Northern Light
Superstar
There is this perception on this thread that street parking is only useful to visitors to a neighbourhood and therefore it’s expendable. That’s fine but I’ve been stressing that parking is also important to building and business servicing.
Building servicing is not a secondary use of the road space, it is arguably the primary purpose of the road in the first place. Some of the glaring deficiencies of the existing Bloor bike lanes are in areas where building servicing was never considered at all as a function, let alone a primary function of the road.
Building servicing includes where deliveries or input or outputs can’t be brought into reasonable or convenient proximity to buildings. Garbage collection is an obvious example where we have seen the dubious compromise on this thread.

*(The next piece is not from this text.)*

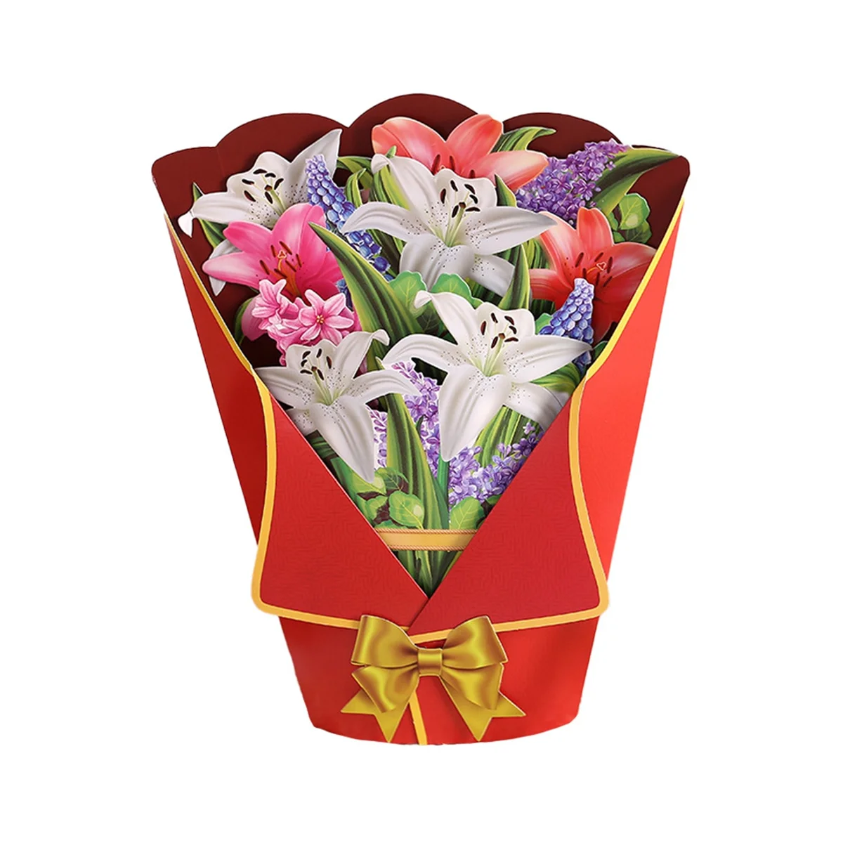 Выдвижная открытка для Дня матери, 3D Цветочные букеты, открытки, поздравительная открытка

Consider others like where say a restaurant needs regular grease-trap pumping which takes place from a truck that parks where if the building has no rear lane of appropriate width and is fronted by a bike lane?

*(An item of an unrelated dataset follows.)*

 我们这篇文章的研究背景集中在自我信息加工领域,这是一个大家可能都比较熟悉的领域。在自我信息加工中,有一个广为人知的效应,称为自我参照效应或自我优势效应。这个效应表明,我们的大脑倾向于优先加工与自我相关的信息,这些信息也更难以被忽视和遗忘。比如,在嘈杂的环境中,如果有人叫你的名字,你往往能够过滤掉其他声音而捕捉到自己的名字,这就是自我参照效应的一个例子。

Those uses require accommodation, as do things like pickup/drop off of disabled passengers etc.
But I'm not convinced the answer to that is maintaining a vast supply of street parking.
Cities around the world function without that.
There are a slew of options; these could include, widening/improving laneways, maintaining one layby on each block, vacuum systems for garbage (can go all the way to a transfer station, or just to a central spot in a neighbourhood); as well as smaller service vehicles, including garbage trucks, courier trucks etc. and restricting certain servicing to overnight/off-peak periods.
Also, if traffic volumes are suppressed enough, is removing the centre-line on a road and allowing vehicles to maneuver around service vehicles adjacent to a curb.